GIVEN ENTRIES:
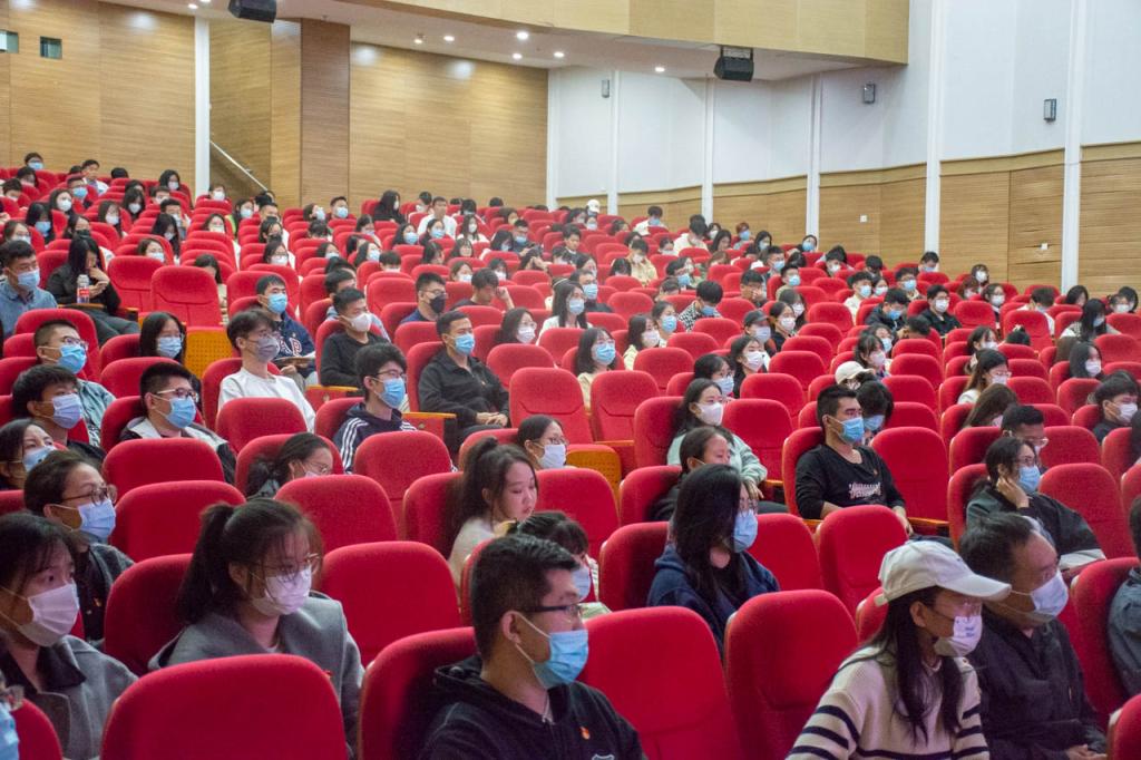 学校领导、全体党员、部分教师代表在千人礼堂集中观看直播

* * *

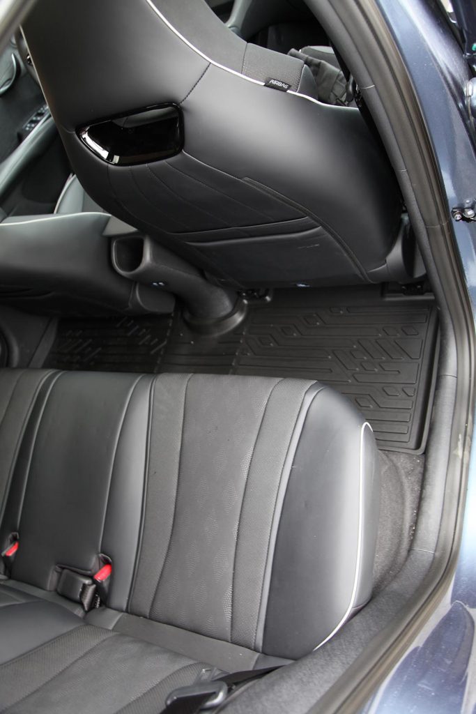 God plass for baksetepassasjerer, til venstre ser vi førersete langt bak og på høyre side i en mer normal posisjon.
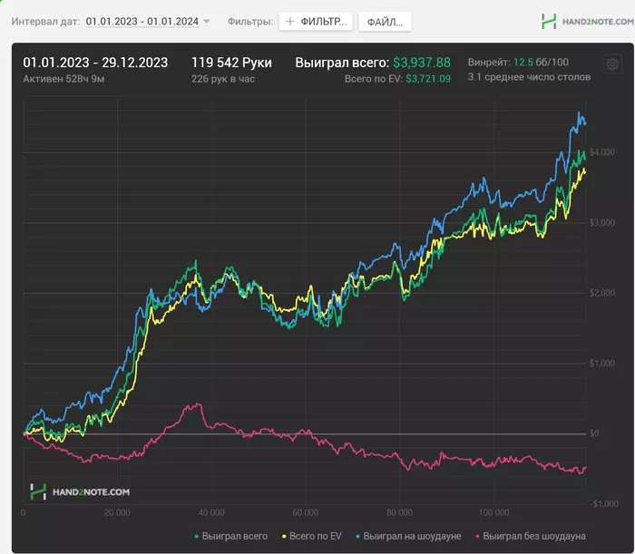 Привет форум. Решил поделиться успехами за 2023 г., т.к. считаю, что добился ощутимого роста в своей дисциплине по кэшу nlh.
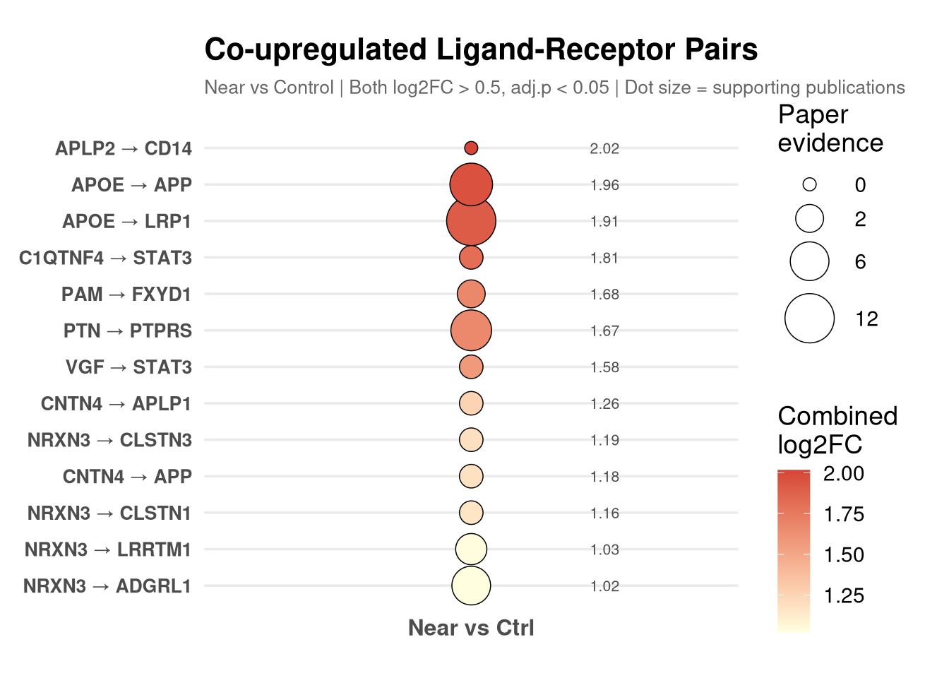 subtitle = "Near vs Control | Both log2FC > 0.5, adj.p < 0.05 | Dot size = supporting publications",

PROBLEM DESCRIPTION:
Please copy the lines above exactly, starting at the line that holds "God plass for" and ending at the line that holds "vs Control |"; include both, but no pictures.

TASK RESULT:
 God plass for baksetepassasjerer, til venstre ser vi førersete langt bak og på høyre side i en mer normal posisjon.
 Привет форум. Решил поделиться успехами за 2023 г., т.к. считаю, что добился ощутимого роста в своей дисциплине по кэшу nlh.
 subtitle = "Near vs Control | Both log2FC > 0.5, adj.p < 0.05 | Dot size = supporting publications",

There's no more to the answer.